• DATA SUPPLIED:
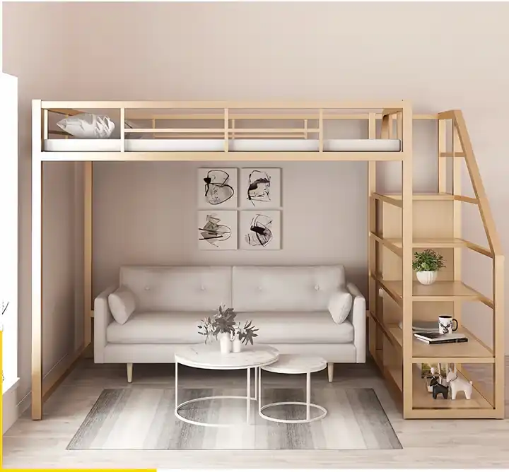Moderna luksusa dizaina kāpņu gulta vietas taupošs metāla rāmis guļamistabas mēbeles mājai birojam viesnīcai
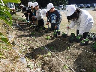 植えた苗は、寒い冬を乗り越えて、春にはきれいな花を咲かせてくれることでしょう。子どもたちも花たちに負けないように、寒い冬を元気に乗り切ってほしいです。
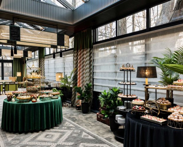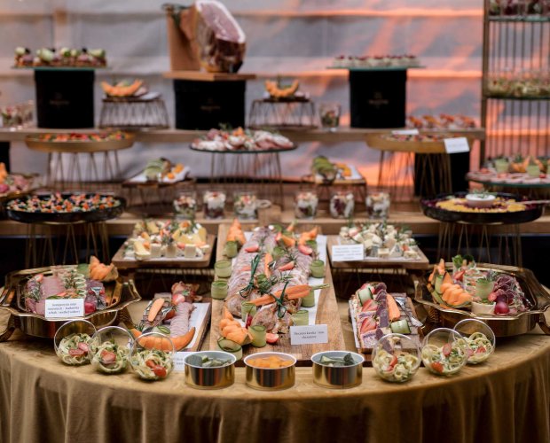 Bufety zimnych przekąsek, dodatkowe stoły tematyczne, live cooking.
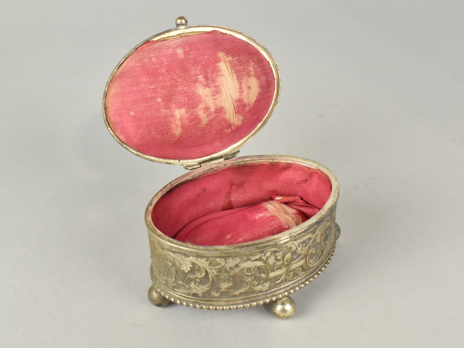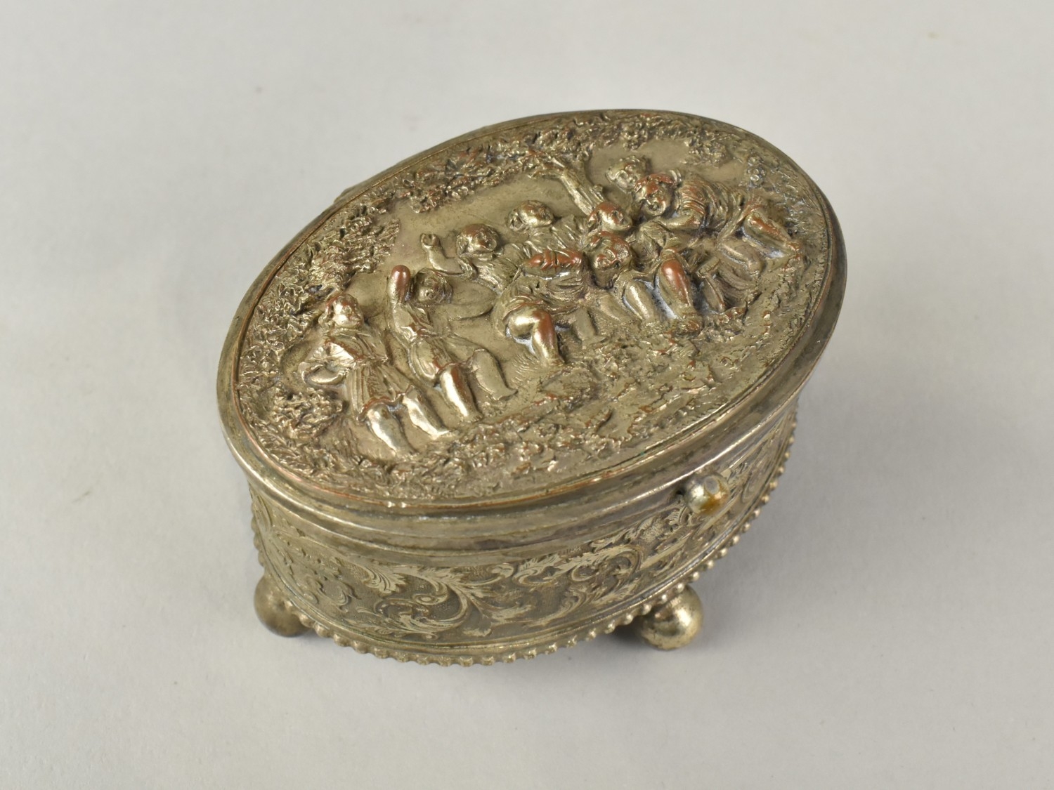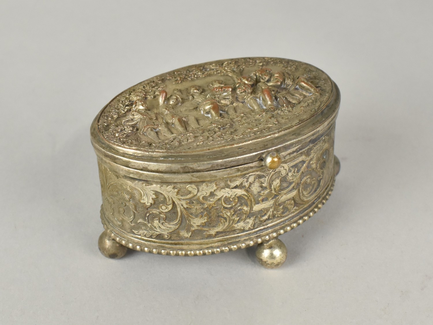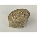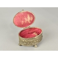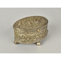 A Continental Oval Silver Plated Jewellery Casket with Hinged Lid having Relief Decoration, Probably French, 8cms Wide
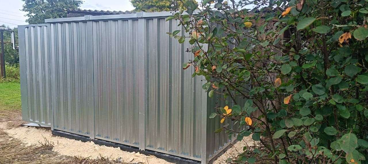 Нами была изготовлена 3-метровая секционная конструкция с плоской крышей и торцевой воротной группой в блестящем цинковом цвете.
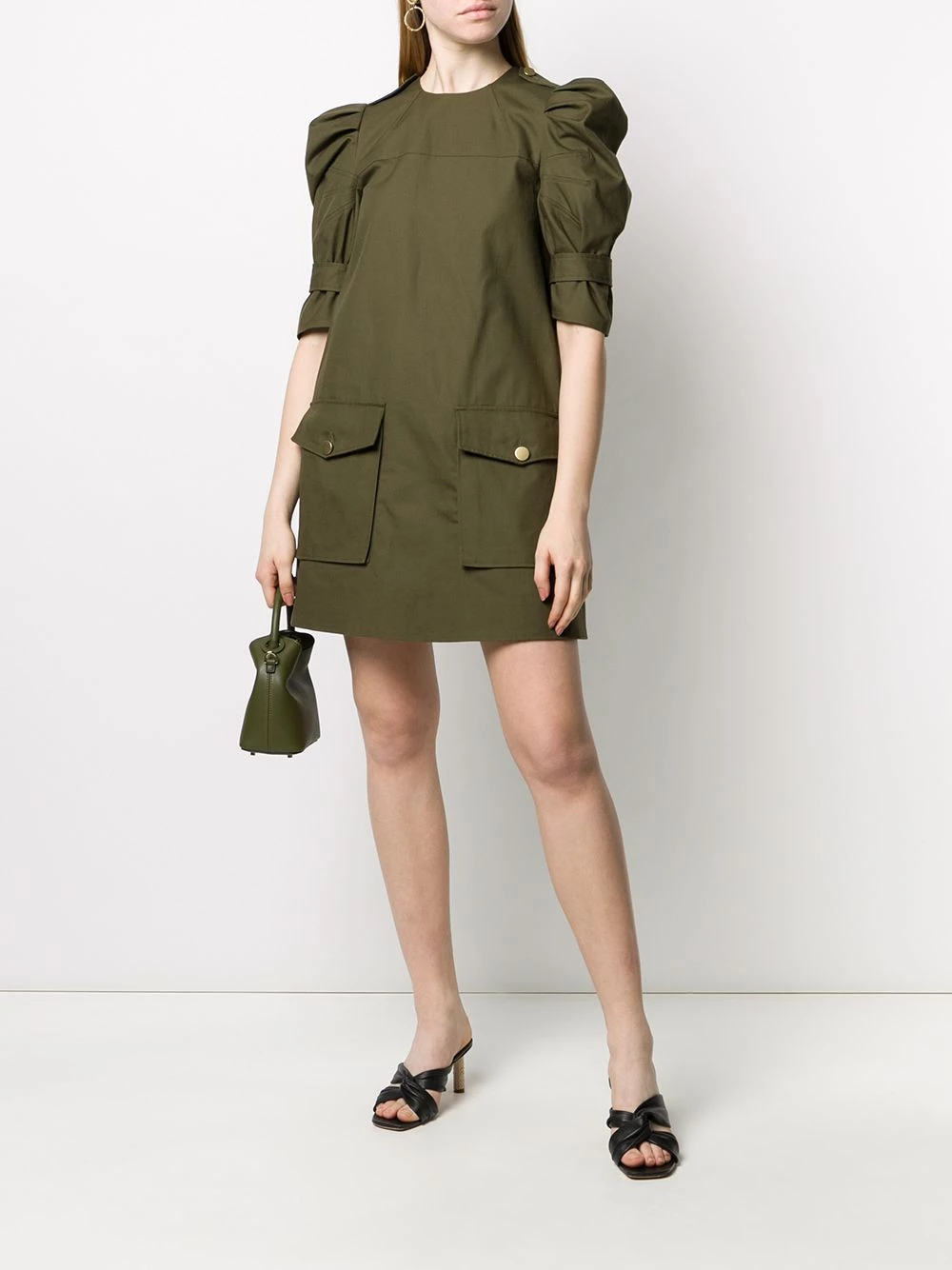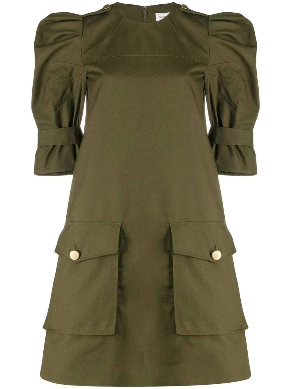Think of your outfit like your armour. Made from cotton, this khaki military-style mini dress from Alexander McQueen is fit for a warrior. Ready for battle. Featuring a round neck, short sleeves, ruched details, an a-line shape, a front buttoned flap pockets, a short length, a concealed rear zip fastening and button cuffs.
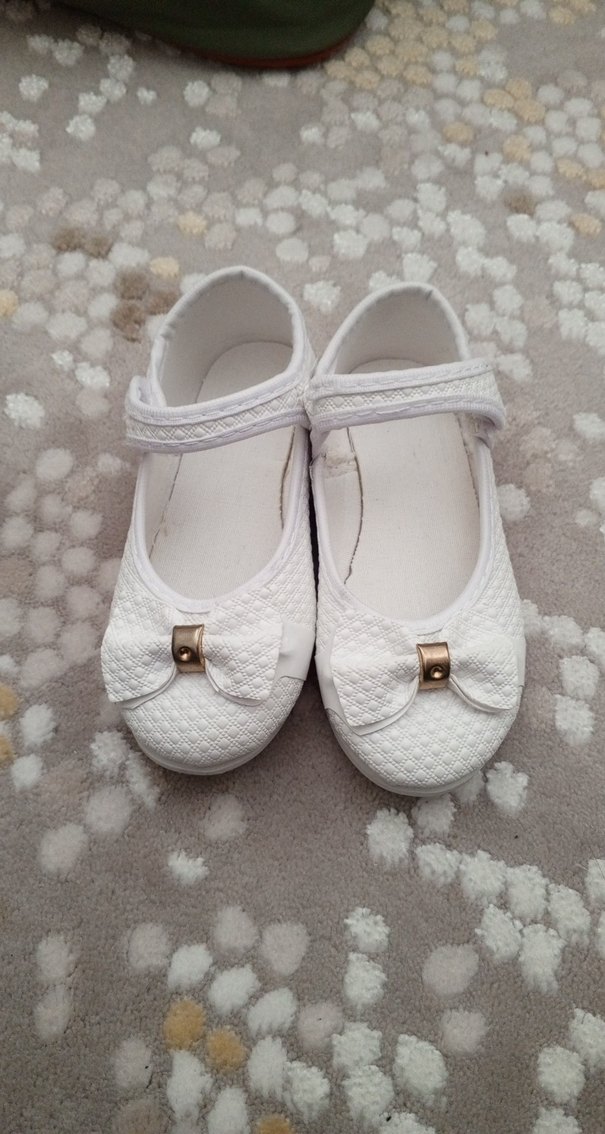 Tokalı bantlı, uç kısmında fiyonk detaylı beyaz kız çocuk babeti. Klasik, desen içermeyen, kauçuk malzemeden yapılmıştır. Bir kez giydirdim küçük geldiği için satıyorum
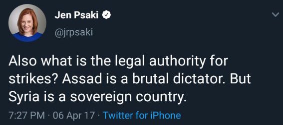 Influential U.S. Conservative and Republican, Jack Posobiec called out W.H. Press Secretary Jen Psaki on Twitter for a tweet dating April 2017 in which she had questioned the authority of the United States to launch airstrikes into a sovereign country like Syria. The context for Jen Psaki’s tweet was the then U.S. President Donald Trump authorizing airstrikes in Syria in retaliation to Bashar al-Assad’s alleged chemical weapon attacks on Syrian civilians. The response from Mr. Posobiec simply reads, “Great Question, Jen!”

* * *

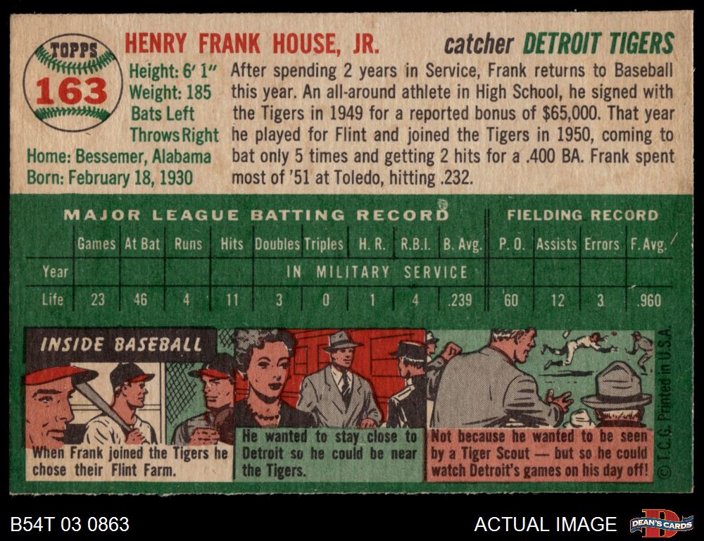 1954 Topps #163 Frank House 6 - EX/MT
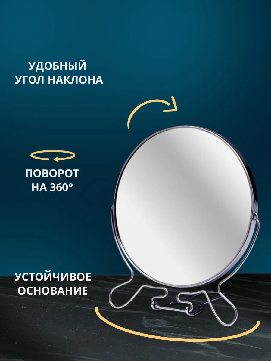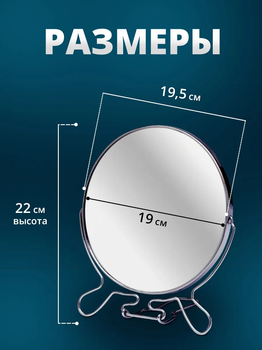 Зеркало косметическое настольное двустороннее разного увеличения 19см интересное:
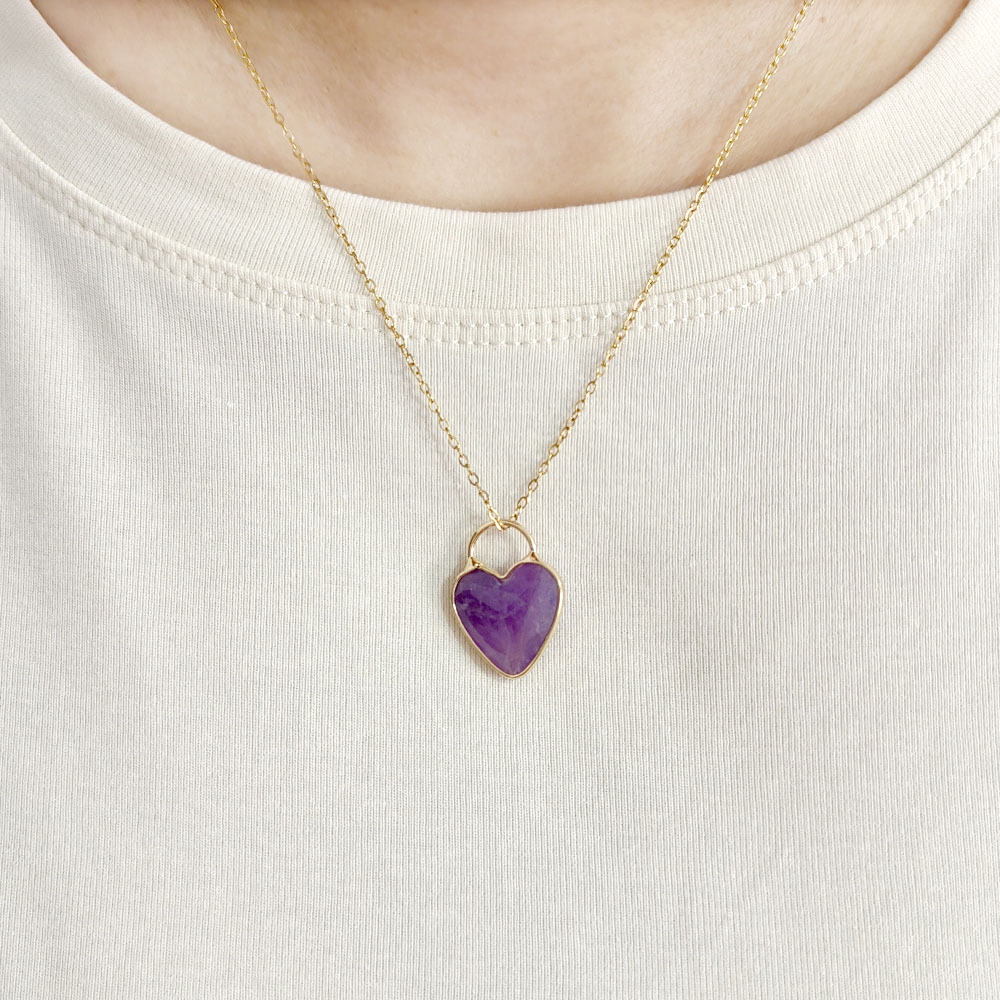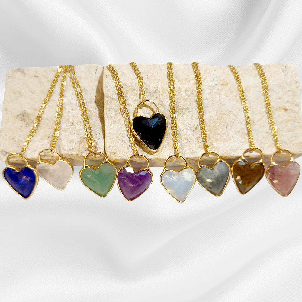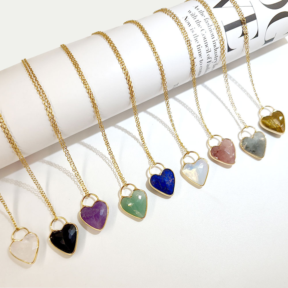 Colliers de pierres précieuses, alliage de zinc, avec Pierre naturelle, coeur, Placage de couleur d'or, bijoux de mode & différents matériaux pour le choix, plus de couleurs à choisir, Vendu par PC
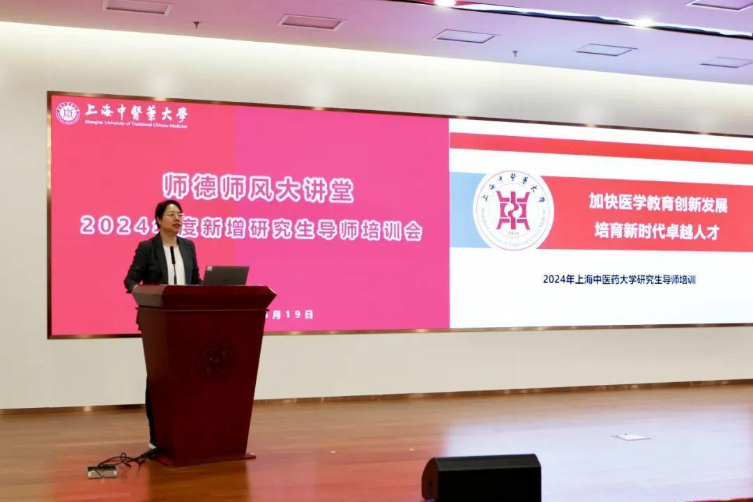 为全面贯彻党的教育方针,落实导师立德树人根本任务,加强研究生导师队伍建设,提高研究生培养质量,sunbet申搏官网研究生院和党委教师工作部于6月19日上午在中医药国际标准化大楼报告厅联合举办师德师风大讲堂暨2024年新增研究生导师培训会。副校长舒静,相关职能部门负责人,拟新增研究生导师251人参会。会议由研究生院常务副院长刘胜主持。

• EXERCISE AIM: Each line from the one that contains "Moderna luksusa dizaina" down to the one that contains "Bufety zimnych przekąsek, dodatkowe" is to be returned exactly as it stands above, both ends included, with pictures removed.

• TASK RESULT:
Moderna luksusa dizaina kāpņu gulta vietas taupošs metāla rāmis guļamistabas mēbeles mājai birojam viesnīcai
 植えた苗は、寒い冬を乗り越えて、春にはきれいな花を咲かせてくれることでしょう。子どもたちも花たちに負けないように、寒い冬を元気に乗り切ってほしいです。
 Bufety zimnych przekąsek, dodatkowe stoły tematyczne, live cooking.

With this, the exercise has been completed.